While production capacity has contracted, benzene demand has been growing at an average of 4 to 5
percent annually. Styrene demand has been rising at a similar rate.
“We are seeing a relatively fast level of growth in other derivative areas as well,” says Jenny Bouch, a
consultant at Jacobs Consultancy, London. “In the phenol sector, the phenolic resins segment is
comparatively mature, but bisphenol-A demand is growing very rapidly.”
The last sizeable addition to Europe’s benzene capacity was the opening of a $25 million extraction unit at
Shell’s refining and petrochemicals site at Moerdijk, the Netherlands, in 2002. It is able to extract around
500,000 tons per year of benzene from streams at Moerdijk and from other Shell and third-party facilities in
Europe.
In addition to pyrolysis gas from ethylene, which accounts for around half of benzene supplies, the main
sources of the material are reformate and units for hydrogen dealkylation (HDA) and toluene
disproportionation (TDP). But painful memories of the effects of crash in benzene prices a few years ago
linger, and refiners are cautious about drawing up plans for new capacity.
“The long-term average utilization rate of HDA plants has been around 40 percent because of the many
occasions when the price of the toluene input was higher than that for the benzene output,” says Ms. Bouch.
“Even with the current high benzene prices, an investment in an HDA unit is not economically attractive.”
“Probably capacity will initially be increased by an expansion of extraction capacity from reformate,” she
continues. “But first, refiners will have to be much more confident about the longer-term outlook for the
benzene supply-demand balance. In the meantime, benzene prices will stay high.”

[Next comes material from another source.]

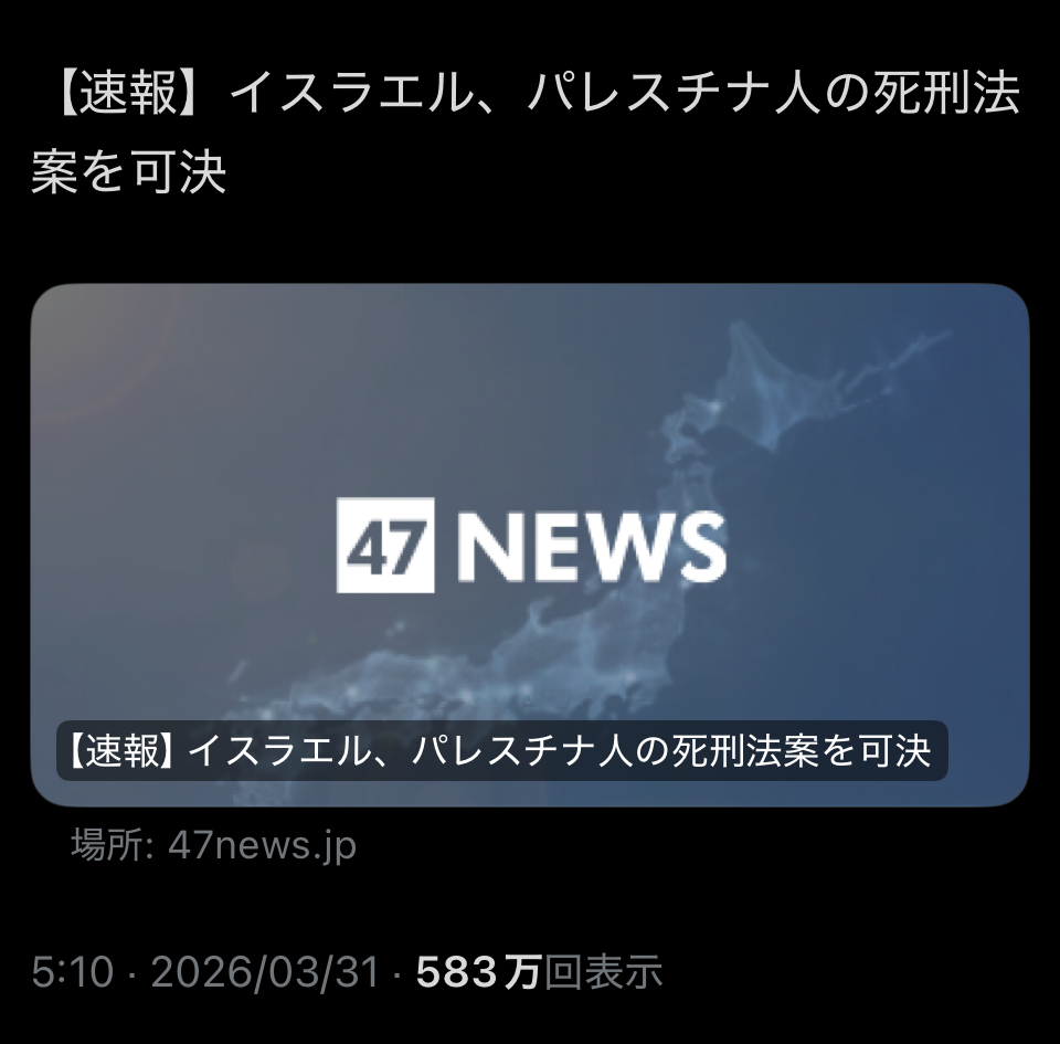| … | 9無念Nameとしあき26/03/31(火)23:38:42No.1397755880+日本人怒らすとリバイバルテルアビブやぞ |

However, nonintegrated benzene consumers could decide to invest in their own production capacity,
probably through HDA or TDP units.
“The nonintegrated derivative producers are under the most pressure to invest upstream,” says Mr. Hodges.
“They could form alliances with refiners to gain access to feedstock for new capacity or they could set up
consortia with other benzene users. For example, a polystyrene and a polyester producer could link up to
share the output of benzene and paraxylene from a TDP unit.”
Polystyrene makers have been struggling to cope with soaring benzene costs. Since the beginning to this
year, European polystyrene prices have risen by as much as 25 percent. A gap of about 10 percent has
opened up with polypropylene prices.
“There were expectations that the balance between the two polymers would have changed in favor of
polystyrene because of the tightness in supplies of propylene,” says Andrea Borruso, a petrochemicals
consultant at STI International, Zurich. “Polystyrene would have been competitive in segments like thermoforming for CD packs.”
“Polystyrene prices should come down in the next three to four months,” he adds. “But it will be bad news for
polystyrene producers if benzene continues to be high. There is not enough demand downstream to sustain
high polymer prices.”
Nevertheless, operators of Europe’s naphtha ethylene crackers, which account for the vast majority of the
region’s olefin plants, are finding that their operating economics are considerably improved by the high
prices for benzene and other by-products like propylene.
For every 3.25 tons of naphtha feedstock, a typical cracker produces one ton of ethylene, around 0.4 tons of
propylene and 0.2 tons of benzene, according to Jacobs Consultancy. “Because of the high by-product
credits, a West European coastal producer can be as or more cost-competitive than a cracker in Saudi
Arabia based on low-cost ethane,” explains Roger Newenham, a Jacobs consultant. “European crackers
have not got to that point yet, but it is possible that it could be reached soon, particularly if naphtha prices
come down while there is still a wide spread with benzene prices,” he says.